Below, we will take you through how to set up a simple A/B test comparing two different variants of a page, in order to see which approach performs best for user engagement.
Why use Analytics for A/B testing?
- GA is already on a lot of websites. No extra 3rd party code.
- Simple, non-technical setup.
- Intuitive user interface, with immediate visual results.
- Allows integration with GA conversion goals etc.
- Provides scope to make many changes in parallel - a typical A/B test focuses tightly on specific elements.
- Can test multiple variants (up to 10) - strictly this makes GA Experiments A/B/n testing.
- Fairly simplistic in terms of scope.
- Requires the creation of additional pages which could pose issues for non-technical users.
- Utilises a redirect which users may notice.
How to set up a Google Analytics Experiment
This tutorial assumes that you already use Google Analytics on your site and are at least slightly familiar with the platform. If not, please visit https://www.google.com/analytics to get yourself set up with an account and tracking code. GA is anyway an excellent tool for tracking how users interact with your site and for planning your marketing strategies!
First things first. Before setting up your experiment you will need to consider the following:
- Decide what you want to test - perhaps you have a great idea for a new landing page or you'd like to overhaul your navigation menu...
- You will need to create a separate page for each variant i.e. if you want to try out three new menu designs then you will need four pages. One for the original control page, plus three individual variant pages. These can be identical bar your changes but will need unique URLs. This is where you may struggle if you do not have a technical background, and some CMS platforms will cause you grief. Refer this stage to your development team if applicable.
- You can only test one page per Experiment. If for example you want to try out a new portfolio layout as well as a homepage design then you will need to set up a separate experiment for each. This is perfectly possible as you can run up to twelve in parallel.
- It is best to keep the variance small between each page so as to ensure you know exactly what changes are making the difference. If you change ten things then you will not know which of the ten actually helped!
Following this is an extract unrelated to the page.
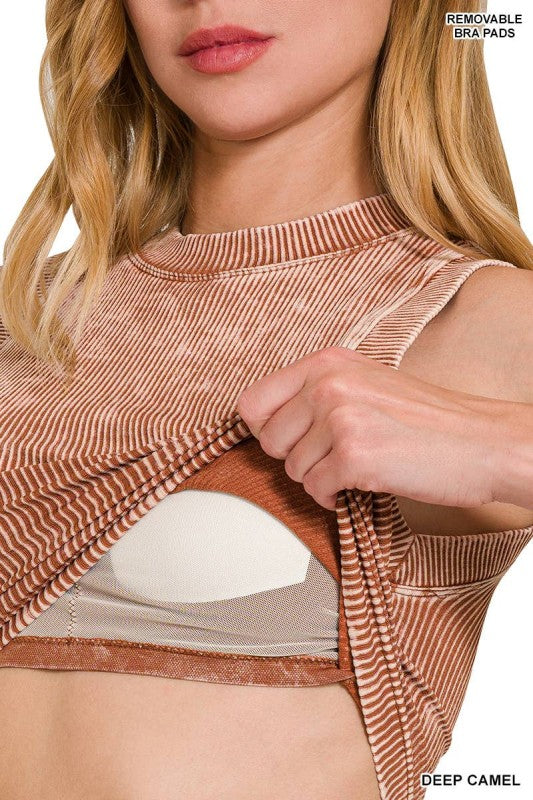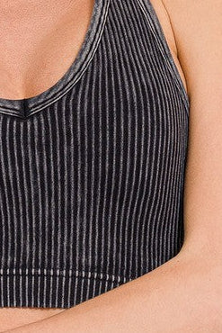 Stone Washed Ribbed Seamless Crop Top W Bra Pad
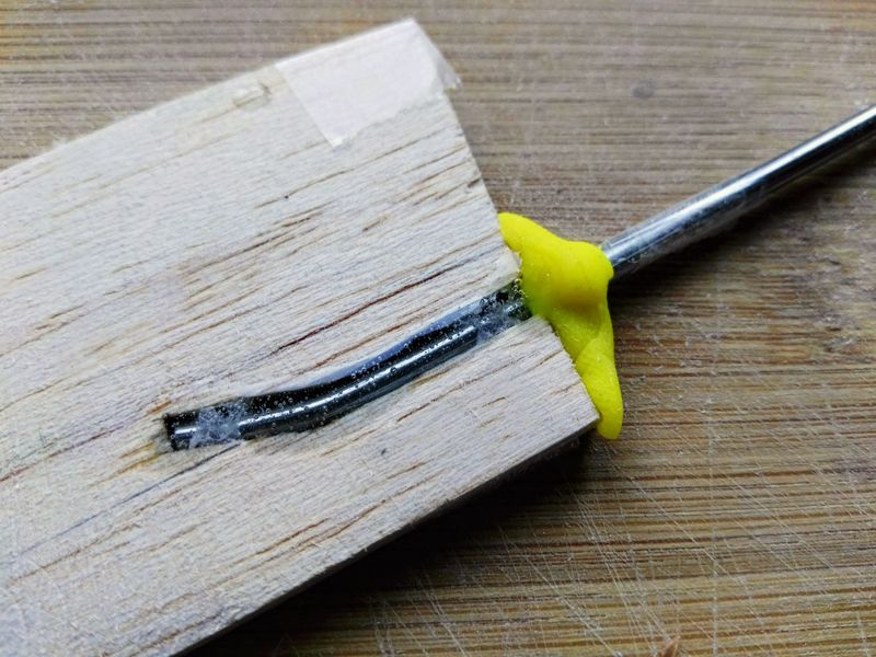 Das Ruder ist eine Sandwich-Konstruktion auf der Basis einer .stl-Datei, die Andy hier mal zur Verfügung stellte. Das Sandwich besteht aus einer Mittellage 83er Glas, zwei Lagen Balsa 2 mm und einer Außenlage 49er Glas. Die Vorgehensweise war zwar einfach, erforderte aber äußerste Sorgfalt:

- Be aware that this functionality only works out of the box if you are using a standard Google Analytics implementation. If you are using Google Tag Manager instead then sadly this is unsupported and will require a workaround. There are various blogs out that that discuss methods of doing this, for example...
- An alternative approach (this is what we have done internally) is simply to temporarily apply the standard Google Analytics code to the pages being tested, whilst still using GTM elsewhere on the site. This will allow you to proceed with your experiment without having to hack around in GTM. Be aware however that this strategy has obvious drawbacks and should not be implemented without considering the possible impact.
Once that's all ready to go then we can get started!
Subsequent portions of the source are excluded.